Но вздрогнул Рандвер. Верный пёс Гарм припал на лапы. Крупными складками взбугрился у него загривок. Глухое урчание, прижатые уши, десны обнажены, напряжён и сдавлен челюстями язык...
Оглянулся Рандвер.
Вадамерка даже не взглянула на пса, легла возле Рандвера навзничь, руки закинула за голову, рядом с чёрными прядями своих волос разметала по траве. И красовалась высокой грудью и полными плечами.
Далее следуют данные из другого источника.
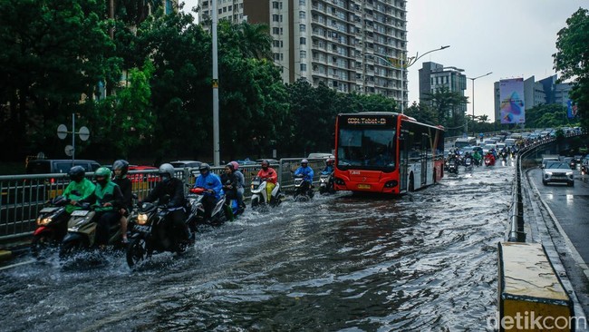 Jakarta - Hujan deras menyebabkan genangan di Jalan Raya Casablanca setinggi 20 cm. Kondisi ini membuat arus lalu lintas tersendat dan sejumlah motor mogok.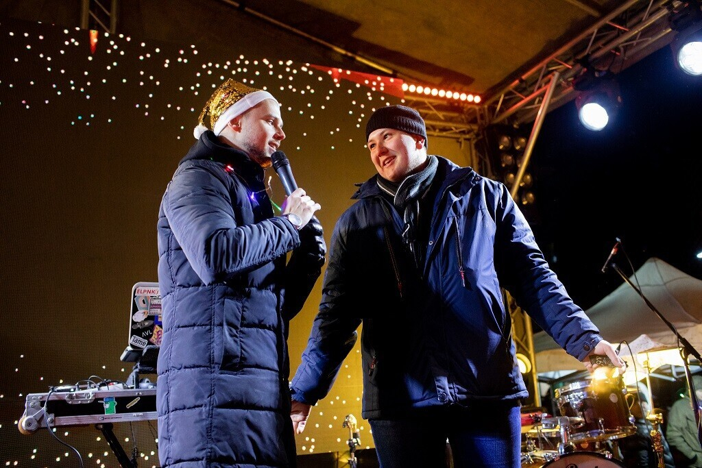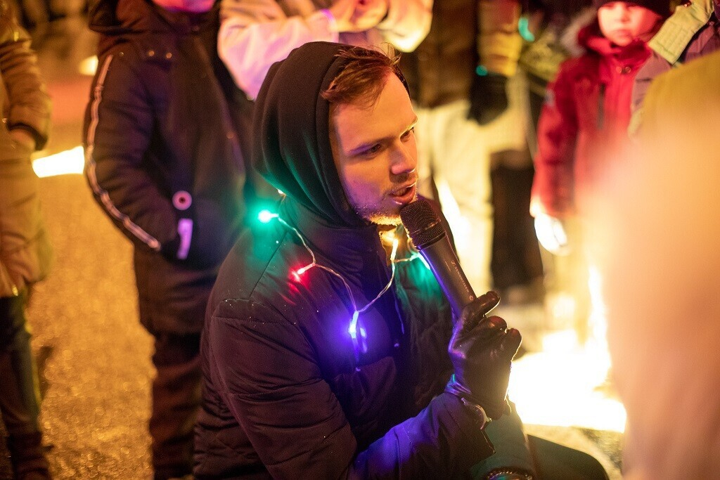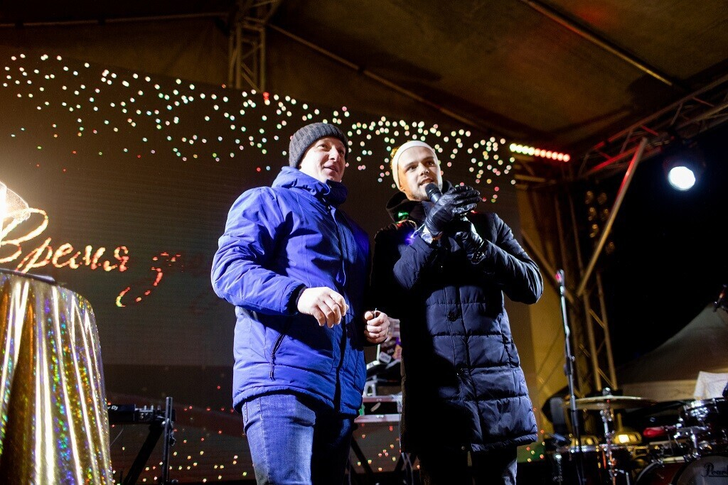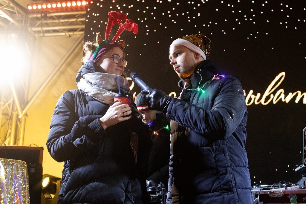 Первые гости начали подходить к сцене еще за полтора часа до боя курантов. Ведущий развлекал их шутками, принимал заявки на музыкальные треки. Внимание жителей привлек ведущего диалог с 12-летним мальчиком, который, как выяснилось, пришел на гуляния один.

И жмурилась под ярким солнцем. Потом, перевернувшись на живот, коснулась Рандвера бедром — как будто невзначай. От того вновь зарычал Гарм.
— Ревнивец Гарм! — шепнула, улыбаясь, Вадамерка.
И тогда верный пёс смолк, лишь скосил на хозяина удивлённый глаз, зевнул — язык изогнулся угрём, клацнули острые клыки. И отошёл Гарм в сторону, свернулся кольцом в тени куста.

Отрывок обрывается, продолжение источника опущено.